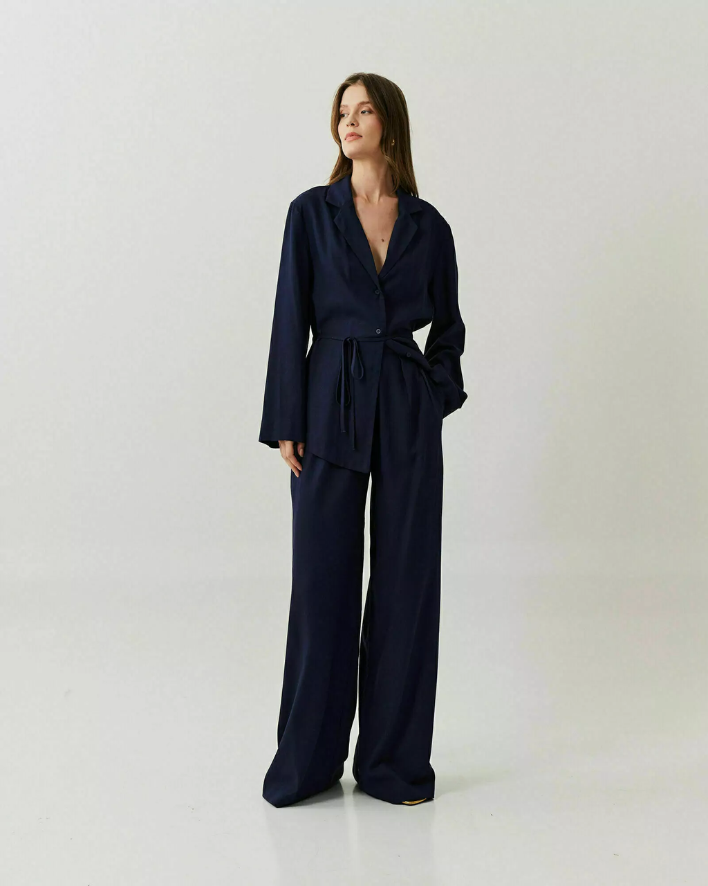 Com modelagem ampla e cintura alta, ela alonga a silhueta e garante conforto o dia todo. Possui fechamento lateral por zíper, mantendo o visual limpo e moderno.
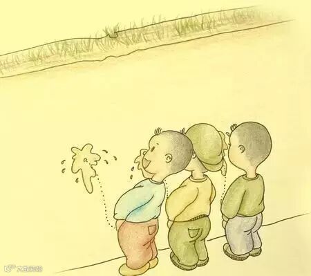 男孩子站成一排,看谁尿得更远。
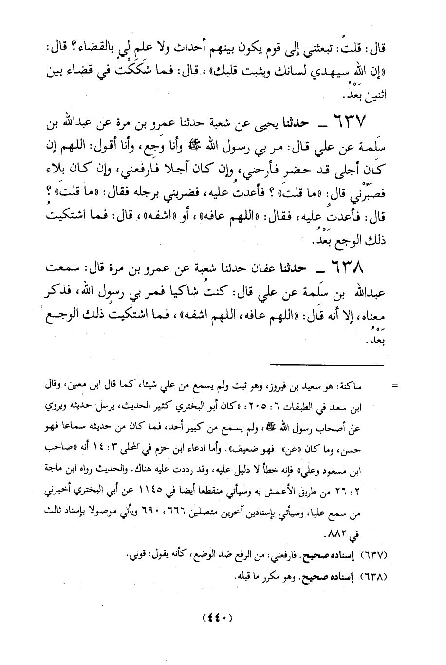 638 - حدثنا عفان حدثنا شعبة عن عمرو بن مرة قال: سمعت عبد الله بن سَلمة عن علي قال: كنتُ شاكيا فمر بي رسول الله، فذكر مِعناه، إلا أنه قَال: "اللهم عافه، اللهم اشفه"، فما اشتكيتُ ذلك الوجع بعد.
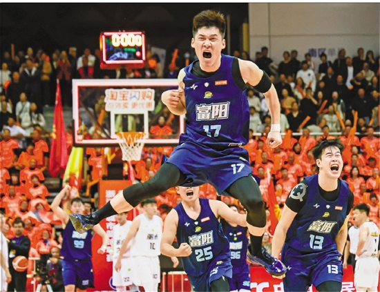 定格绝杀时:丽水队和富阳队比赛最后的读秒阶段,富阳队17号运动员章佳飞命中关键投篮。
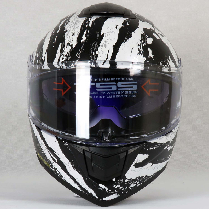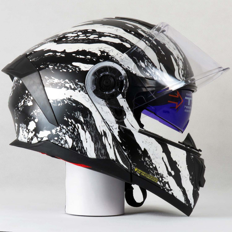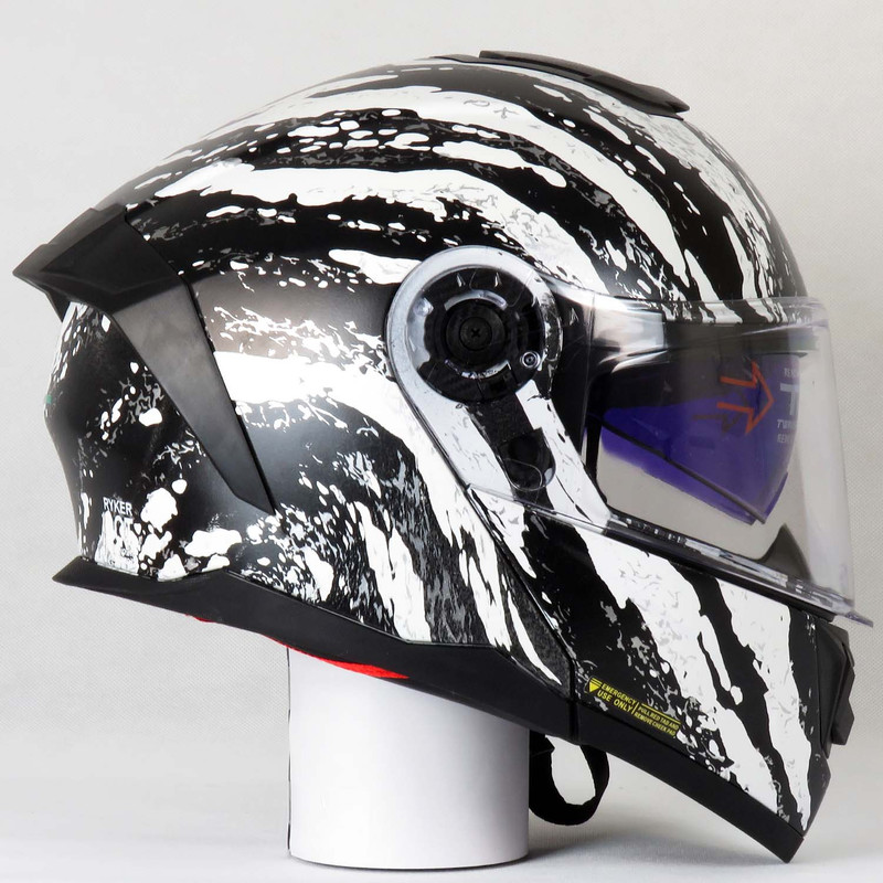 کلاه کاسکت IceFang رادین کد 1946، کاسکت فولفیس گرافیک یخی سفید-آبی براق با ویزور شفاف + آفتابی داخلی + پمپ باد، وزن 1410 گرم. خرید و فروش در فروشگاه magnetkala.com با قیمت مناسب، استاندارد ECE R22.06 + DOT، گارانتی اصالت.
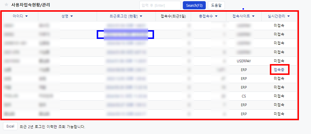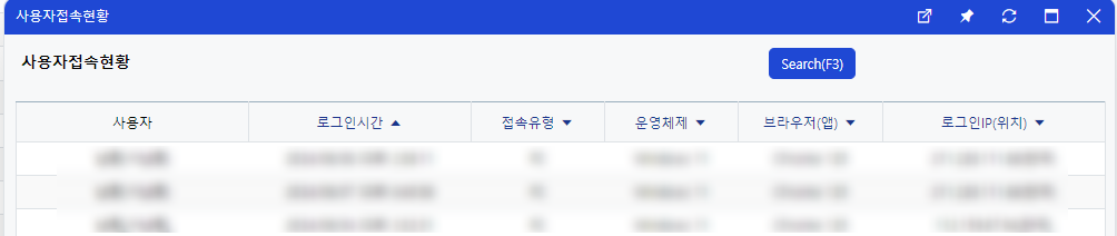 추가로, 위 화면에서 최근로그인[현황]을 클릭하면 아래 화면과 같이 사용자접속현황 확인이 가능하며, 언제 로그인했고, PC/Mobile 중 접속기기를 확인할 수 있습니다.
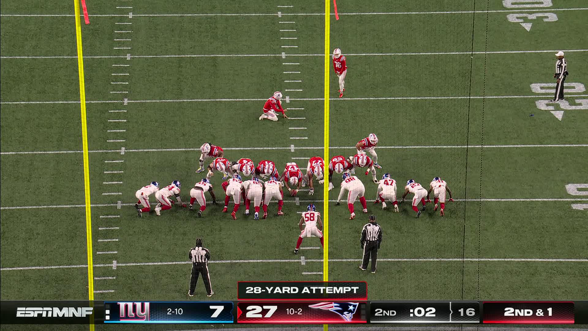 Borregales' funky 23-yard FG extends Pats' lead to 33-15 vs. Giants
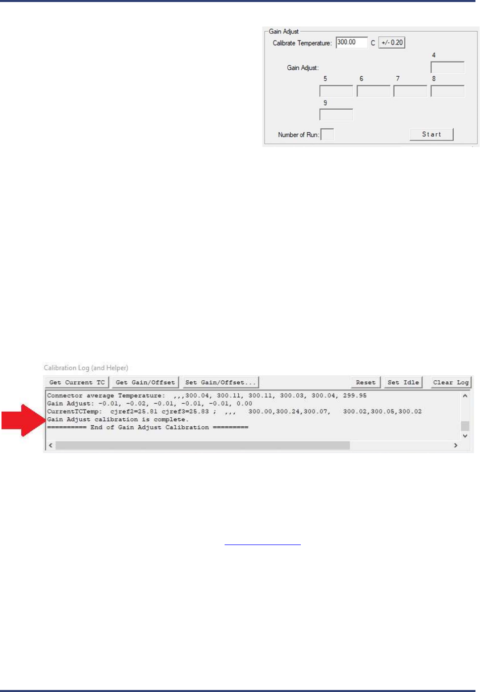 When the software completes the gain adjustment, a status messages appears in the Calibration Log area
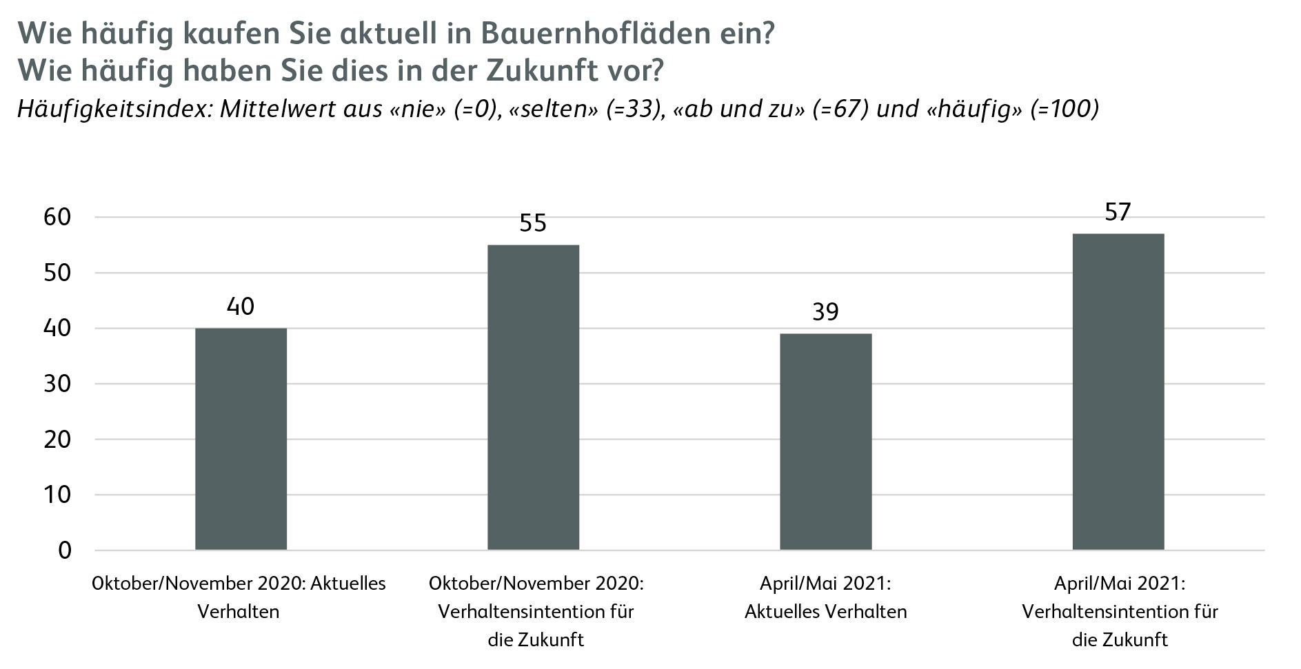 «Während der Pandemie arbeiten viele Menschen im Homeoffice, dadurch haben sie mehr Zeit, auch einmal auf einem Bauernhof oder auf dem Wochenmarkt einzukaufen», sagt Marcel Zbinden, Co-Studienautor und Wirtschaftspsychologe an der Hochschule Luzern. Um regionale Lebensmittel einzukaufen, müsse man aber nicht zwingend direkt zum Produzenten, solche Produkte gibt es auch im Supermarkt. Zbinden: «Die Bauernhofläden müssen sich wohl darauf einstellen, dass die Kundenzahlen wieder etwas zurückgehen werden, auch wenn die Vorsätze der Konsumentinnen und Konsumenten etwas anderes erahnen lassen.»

- - - - -

Leave the pictures out and print the records above exactly as they stand.

# Answer section:
 Com modelagem ampla e cintura alta, ela alonga a silhueta e garante conforto o dia todo. Possui fechamento lateral por zíper, mantendo o visual limpo e moderno.
 男孩子站成一排,看谁尿得更远。
 638 - حدثنا عفان حدثنا شعبة عن عمرو بن مرة قال: سمعت عبد الله بن سَلمة عن علي قال: كنتُ شاكيا فمر بي رسول الله، فذكر مِعناه، إلا أنه قَال: "اللهم عافه، اللهم اشفه"، فما اشتكيتُ ذلك الوجع بعد.
 定格绝杀时:丽水队和富阳队比赛最后的读秒阶段,富阳队17号运动员章佳飞命中关键投篮。
 کلاه کاسکت IceFang رادین کد 1946، کاسکت فولفیس گرافیک یخی سفید-آبی براق با ویزور شفاف + آفتابی داخلی + پمپ باد، وزن 1410 گرم. خرید و فروش در فروشگاه magnetkala.com با قیمت مناسب، استاندارد ECE R22.06 + DOT، گارانتی اصالت.
 추가로, 위 화면에서 최근로그인[현황]을 클릭하면 아래 화면과 같이 사용자접속현황 확인이 가능하며, 언제 로그인했고, PC/Mobile 중 접속기기를 확인할 수 있습니다.
 Borregales' funky 23-yard FG extends Pats' lead to 33-15 vs. Giants
 When the software completes the gain adjustment, a status messages appears in the Calibration Log area
 «Während der Pandemie arbeiten viele Menschen im Homeoffice, dadurch haben sie mehr Zeit, auch einmal auf einem Bauernhof oder auf dem Wochenmarkt einzukaufen», sagt Marcel Zbinden, Co-Studienautor und Wirtschaftspsychologe an der Hochschule Luzern. Um regionale Lebensmittel einzukaufen, müsse man aber nicht zwingend direkt zum Produzenten, solche Produkte gibt es auch im Supermarkt. Zbinden: «Die Bauernhofläden müssen sich wohl darauf einstellen, dass die Kundenzahlen wieder etwas zurückgehen werden, auch wenn die Vorsätze der Konsumentinnen und Konsumenten etwas anderes erahnen lassen.»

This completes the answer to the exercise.